Locating Errors with Multiple Parity Checks

Hamming’s key insight was that applying multiple parity checks to carefully selected subsets of bits can not only detect an error but also pinpoint its exact location [00:08:32]. This functions like a game of “20 questions,” where yes/no queries halve the space of possibilities [00:08:46].

For a 16-bit block (positions 0-15), 4 positions are reserved as redundancy bits, typically powers of 2 (1, 2, 4, 8) [00:04:25]. These bits control the parity of specific subsets of data bits.

  • Example (16-bit block):
    • Check 1: Parity check on all odd-numbered positions (using position 1 as parity bit) [00:08:54].
    • Check 2: Parity check on the right half of the grid (using position 2 as parity bit) [00:09:50].
    • Check 3: Parity check on the odd rows (using position 4 as parity bit) [00:11:13].
    • Check 4: Parity check on the bottom two rows (using position 8 as parity bit) [00:11:26].

By combining the results of these checks, a single bit error can be precisely located within the block [00:11:37]. For instance, if errors are detected in the odd columns and the right half, the error must be in the last column [00:10:35].

The “No Error” Condition and Extended Hamming Codes

Originally, four parity checks yield 16 possible outcomes, which could pinpoint 1 of 16 positions. However, a 17th outcome is needed to indicate “no error” [00:14:17].

A simple solution is to discard position 0, making it a 15-bit block where 11 bits carry the message and 4 are for redundancy. If all four parity checks show even parities, it unambiguously means no error [00:14:33]. This is known as a 15-11 Hamming code [00:14:53].

An extended Hamming code utilizes position 0 as an additional parity bit for the entire block [00:15:08]. This allows for the detection of two-bit errors, even if they cannot be corrected [00:15:11]. If a single bit error occurs, the overall block parity becomes odd (detected by bit 0), and the four error-correcting checks will also indicate an error. If two errors occur, the overall block parity might revert to even, but the four error-correcting checks would still show anomalies, signaling that at least two errors happened [00:15:34].

Implementation Overview

When implementing a Hamming code:

  1. Sender: Divides the message into chunks (e.g., 11-bit chunks for a 16-bit block) [00:16:29].
  2. Sender: Places message bits into all positions not reserved for error correction (i.e., not powers of 2, plus position 0 for extended codes) [00:16:54].
  3. Sender: Calculates and sets the parity bits (at positions 1, 2, 4, 8) for their respective subsets to ensure even parity [00:17:05].
  4. Sender: For an extended Hamming code, calculates and sets the parity bit at position 0 to ensure the overall block has even parity [00:17:31].
  5. Receiver: Checks the parity of the same subsets of bits that the sender used to set the parity bits (at positions 1, 2, 4, 8) [00:18:21].
  6. Receiver: The combination of results from these checks (which ones are odd/even) precisely indicates the position of a single bit error, if any [00:18:38].
  7. Receiver: Checks the overall parity of the block (using bit 0). If it’s even but other parity checks indicate an error, it suggests multiple errors [00:18:51].
  8. Receiver: Corrects the identified bit by flipping it [00:19:01].
  9. Receiver: Extracts the original message bits, excluding the redundancy bits [00:19:05].
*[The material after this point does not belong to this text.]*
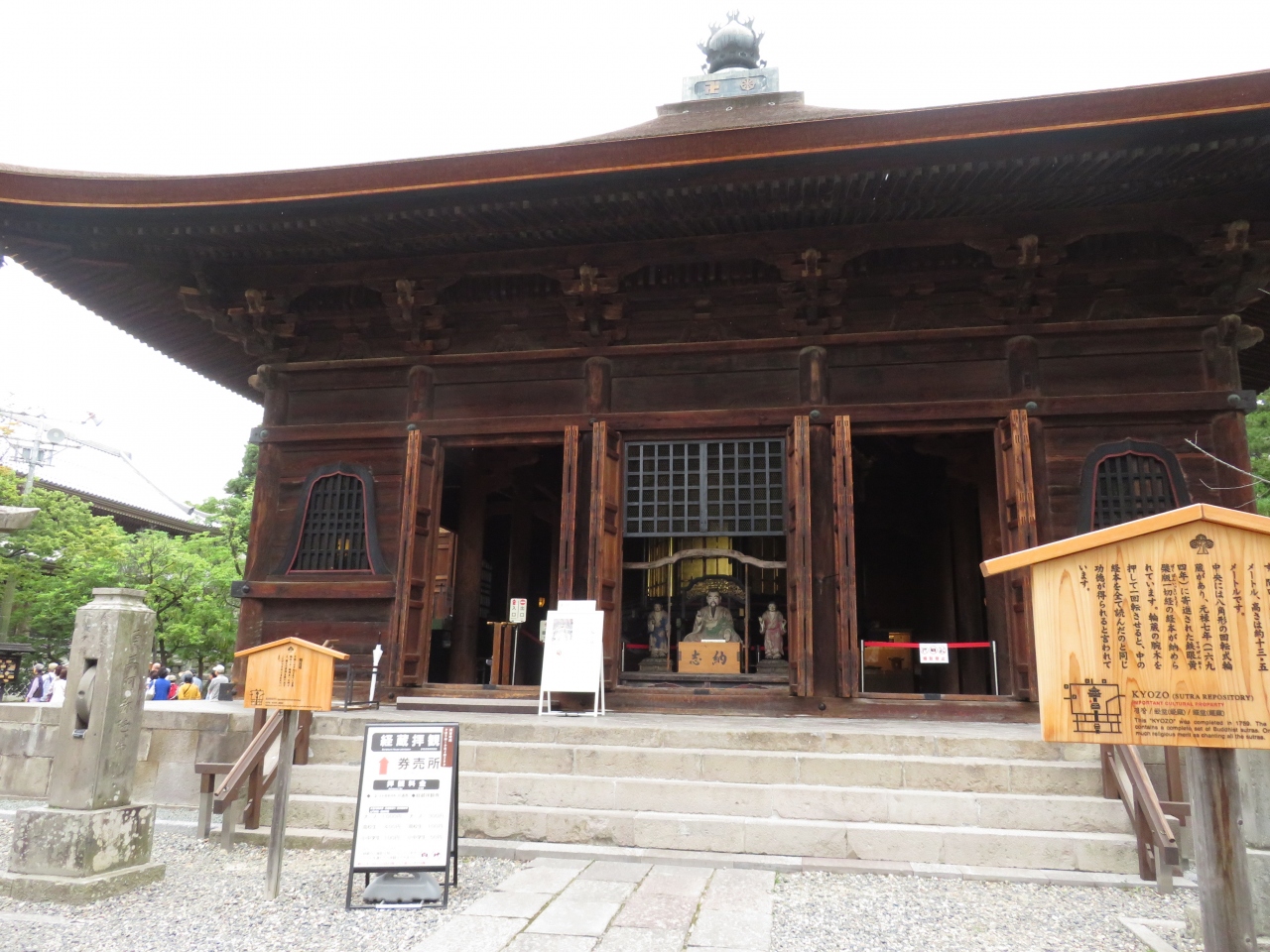 お経を読むことができない人の為に、一度回せばすべてのお経を読んだことになるという経堂、ちょうど女性が入ってきたので二人で回しました。かなり大きいので、かなり重いです、一人では回せないので数人で回してみてください。
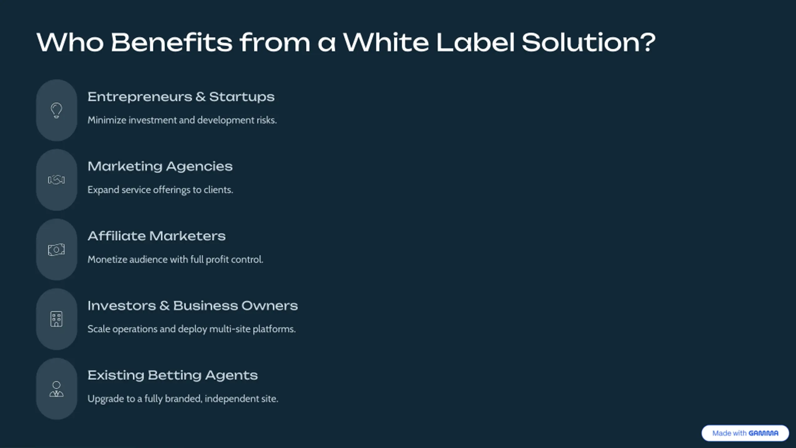 Who Benefits from a White Label Solution? Entrepreneurs & Startups Minimize investment and development risks. Marketing Agencies Expand service offerings to clients. Affiliate Marketers Monetize audience with full profit control. Investors & Business Owners Scale operations and deploy multi-site platforms. Existing Betting Agents Upgrade to a fully branded, independent site. preencoded.png

The elegance of this algorithm allows for the core logic to be condensed into a single operation, making it efficient for machines to implement [00:19:21]. The systematic scaling of Hamming codes means that for a block of 256 bits, only eight yes/no questions (corresponding to eight parity bits) are needed to binary search for and pinpoint an error location [00:13:02].